Object distance measurement is becoming more and more important in mobile autonomous systems. Information of the distance of objects are useful for navigation and avoidance of autonomous mobile systems. The system can easily avoid obstacles if the accurate position of obstacles can be acquired [1].

With the advancement of technology, the stereo vision technology has become more and more mature. Many related applications have hence emerged, such as 3D movie, face recognition [2], obstacle detection and recognition [3]. Previous research works have obtained object distances from images using one vision sensor. For example, in [4], the system utilized a single camera and a laser pointer to obtain distance measurement. Hai-Sung Baek et al. discussed the differences on crossing camera setups and parallel camera setups [5]. They also suggest a method to measure the distance when an object is located outside the optical axes in the overlapping area of two cameras.

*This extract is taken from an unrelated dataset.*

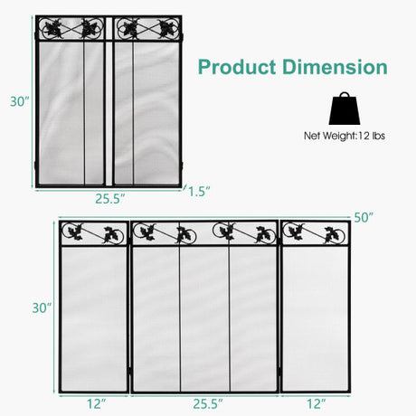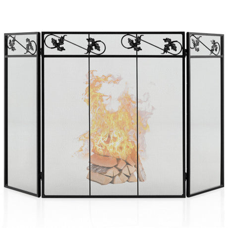 3-Panel Freestanding Fireplace Screen Folded Fire Doors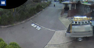 As the vehicle passed, co-pilot passengers fired three consecutive shots out of the window at the Mistys massage store, where bullets could be seen lifting dust from obstacles.

Recent researches have used multiple vision sensors for the purpose of object distance and size measurements. Mustafah et al. utilized stereo vision to measure object distance and size (height and width) [6]. They not only measured object distance but also proposed a method to measure the object size. The other example is the work of A-Lin et al. in which they used stereo vision to measure the safe driving distance of a vehicle [1].

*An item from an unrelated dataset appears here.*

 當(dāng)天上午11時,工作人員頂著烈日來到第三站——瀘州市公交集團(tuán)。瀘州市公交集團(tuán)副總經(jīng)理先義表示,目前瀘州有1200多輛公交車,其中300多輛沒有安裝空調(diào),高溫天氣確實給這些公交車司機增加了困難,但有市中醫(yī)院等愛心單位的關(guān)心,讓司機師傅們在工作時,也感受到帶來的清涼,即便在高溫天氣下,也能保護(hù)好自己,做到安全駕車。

Although there are many existing successful works related to the object distance measurement, the underlying distance calculation formulae have omitted the variation in the image distance to the lenses. In this paper, we proposed a revised algorithm using stereo vision for distance measurement. With the proposed algorithm, the accuracy of distance measurement is better than previous works. Several experiment results showed that we can accurately obtain multi-object distances using the proposed approach.

Object Distance Measurement

The flow of the object measurement system that we proposed started with stereo vision image capture. Then, on both images, a preprocessing will be applied by object detection and segmentation. We then segment the images to isolate the objects in view. After that, feature points of objects on both images are compared to get the distance measurements. More details will be illustrated in the following section. The flow of the object measurement system is shown in Figure 1.

Stereo Image Capture

Stereo image capture is done by using two video cameras which are aligned in parallel with a fixed relative position. The object distance can be measured when it enters the overlapping views of the two cameras. Figure 2 illustrates the stereo vision setup.


Image preprocessing is an important and common method in a computer vision system. It can enhance the images quality and improve the computational efficiency. In our system, after the stereo images are captured, the resolution of the images is down-scaled to improve the computation speed. For example, the original resolution which is 2784x1856 pixels is downscaled to 320x240 pixels. The result shows that the reduction of resolution does not affect the accuracy of the system. Another way we used to improve the speed is through converting the images from RGB color space to gray scale color space. RGB color space requires three times more computation and memory space compared to gray scale. Although some information may be lost in gray scale color space, it does not have significant effects the distance measurement accuracy as will be shown in the experiment.

Region Segmentation

Local Threshold Selection. For a simple image, we can easily find a threshold to separate objects of interest from background with Otsu’s algorithm [7]. Let the image that isolate the object from the background be called as the binary image. Assume that the considered image can be classified into two clusters ${{C}_{1}}$ and ${{C}_{2}}$ as shown in Figure 3. One idea to choose the threshold value is to decide a gray level value, T, using which the variance between the two clusters is the largest, and the sum of the within-cluster variance in ${{C}_{1}}$ and ${{C}_{2}}$ is the smallest. T would be the optimal threshold to separate the object from the background.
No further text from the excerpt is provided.